> _DATASET RECORDS_
○ ○ ○ ○
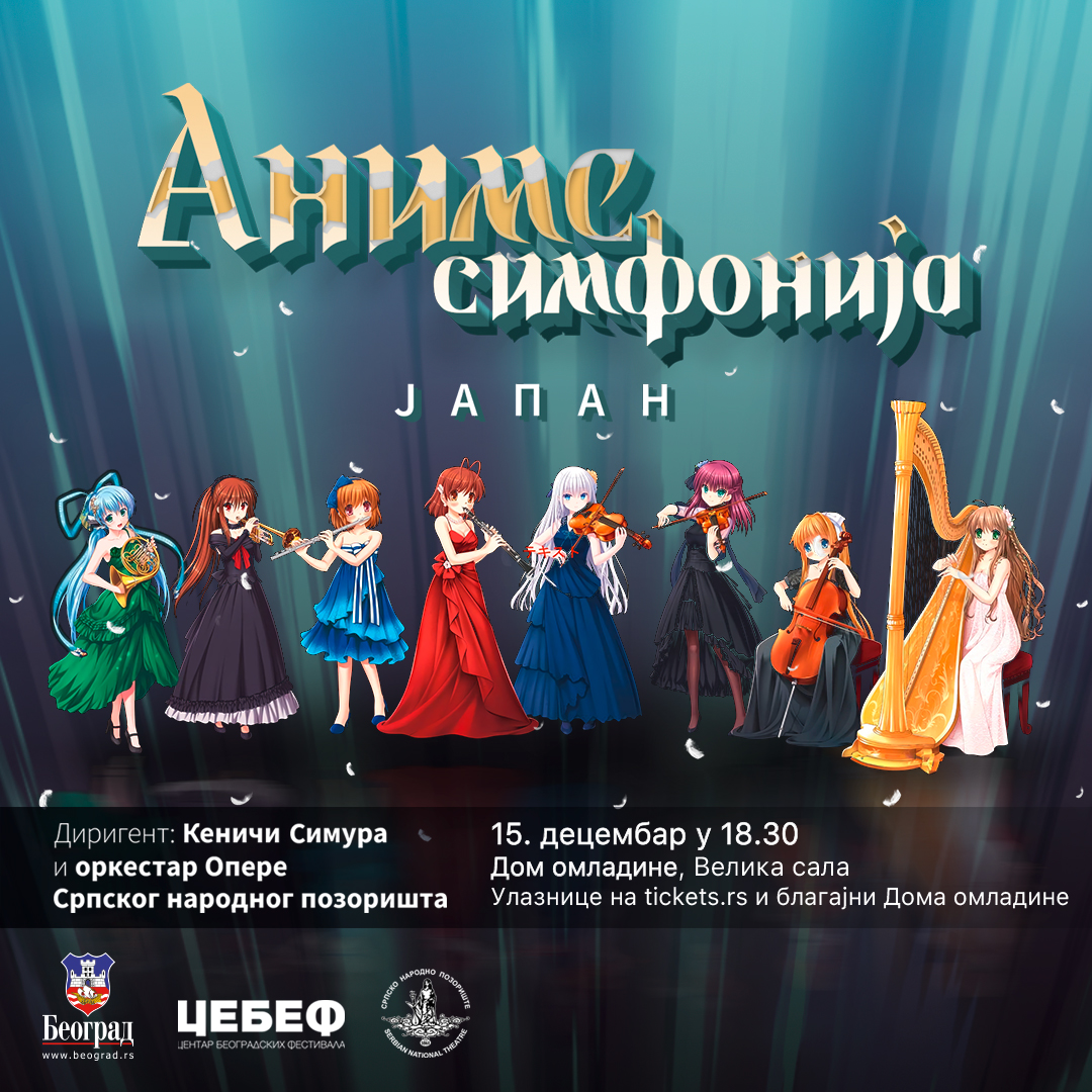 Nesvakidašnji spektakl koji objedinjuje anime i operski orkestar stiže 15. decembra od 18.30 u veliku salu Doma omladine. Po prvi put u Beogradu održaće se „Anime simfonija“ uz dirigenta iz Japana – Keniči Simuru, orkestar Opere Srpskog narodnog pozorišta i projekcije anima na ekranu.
○ ○ ○ ○
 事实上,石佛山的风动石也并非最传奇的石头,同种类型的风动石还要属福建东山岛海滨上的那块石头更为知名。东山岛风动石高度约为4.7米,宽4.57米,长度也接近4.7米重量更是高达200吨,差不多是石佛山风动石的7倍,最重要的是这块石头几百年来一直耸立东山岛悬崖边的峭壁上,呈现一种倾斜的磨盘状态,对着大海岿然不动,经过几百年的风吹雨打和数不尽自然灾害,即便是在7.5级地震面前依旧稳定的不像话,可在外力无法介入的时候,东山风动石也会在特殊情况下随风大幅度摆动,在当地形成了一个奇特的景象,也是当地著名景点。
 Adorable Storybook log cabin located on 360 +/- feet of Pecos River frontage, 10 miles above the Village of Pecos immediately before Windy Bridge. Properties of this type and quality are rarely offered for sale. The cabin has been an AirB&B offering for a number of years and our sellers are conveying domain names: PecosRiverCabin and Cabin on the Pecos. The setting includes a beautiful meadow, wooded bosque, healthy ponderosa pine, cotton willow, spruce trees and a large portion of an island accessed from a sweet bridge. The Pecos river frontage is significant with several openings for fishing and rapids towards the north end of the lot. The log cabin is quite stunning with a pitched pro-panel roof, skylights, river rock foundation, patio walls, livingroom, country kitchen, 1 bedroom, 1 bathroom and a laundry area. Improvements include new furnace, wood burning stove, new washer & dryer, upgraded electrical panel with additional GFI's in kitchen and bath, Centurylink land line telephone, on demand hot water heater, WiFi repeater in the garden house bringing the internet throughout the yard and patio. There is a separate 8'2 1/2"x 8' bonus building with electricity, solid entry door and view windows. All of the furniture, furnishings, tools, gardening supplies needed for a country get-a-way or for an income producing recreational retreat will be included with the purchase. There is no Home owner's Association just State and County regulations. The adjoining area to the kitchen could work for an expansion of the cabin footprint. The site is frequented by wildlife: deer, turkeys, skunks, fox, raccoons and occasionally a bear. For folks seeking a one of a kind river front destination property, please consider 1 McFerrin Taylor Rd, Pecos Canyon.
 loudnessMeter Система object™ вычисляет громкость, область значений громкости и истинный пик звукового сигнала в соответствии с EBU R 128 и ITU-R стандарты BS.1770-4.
○ ○ ○ ○
> _ASSIGNED TASK_
Reproduce exactly the lines above from the line with "Adorable Storybook log" to the line with "loudnessMeter Система object™", including both, and add nothing.

> _ANSWER TO THE EXERCISE_
 Adorable Storybook log cabin located on 360 +/- feet of Pecos River frontage, 10 miles above the Village of Pecos immediately before Windy Bridge. Properties of this type and quality are rarely offered for sale. The cabin has been an AirB&B offering for a number of years and our sellers are conveying domain names: PecosRiverCabin and Cabin on the Pecos. The setting includes a beautiful meadow, wooded bosque, healthy ponderosa pine, cotton willow, spruce trees and a large portion of an island accessed from a sweet bridge. The Pecos river frontage is significant with several openings for fishing and rapids towards the north end of the lot. The log cabin is quite stunning with a pitched pro-panel roof, skylights, river rock foundation, patio walls, livingroom, country kitchen, 1 bedroom, 1 bathroom and a laundry area. Improvements include new furnace, wood burning stove, new washer & dryer, upgraded electrical panel with additional GFI's in kitchen and bath, Centurylink land line telephone, on demand hot water heater, WiFi repeater in the garden house bringing the internet throughout the yard and patio. There is a separate 8'2 1/2"x 8' bonus building with electricity, solid entry door and view windows. All of the furniture, furnishings, tools, gardening supplies needed for a country get-a-way or for an income producing recreational retreat will be included with the purchase. There is no Home owner's Association just State and County regulations. The adjoining area to the kitchen could work for an expansion of the cabin footprint. The site is frequented by wildlife: deer, turkeys, skunks, fox, raccoons and occasionally a bear. For folks seeking a one of a kind river front destination property, please consider 1 McFerrin Taylor Rd, Pecos Canyon.
 loudnessMeter Система object™ вычисляет громкость, область значений громкости и истинный пик звукового сигнала в соответствии с EBU R 128 и ITU-R стандарты BS.1770-4.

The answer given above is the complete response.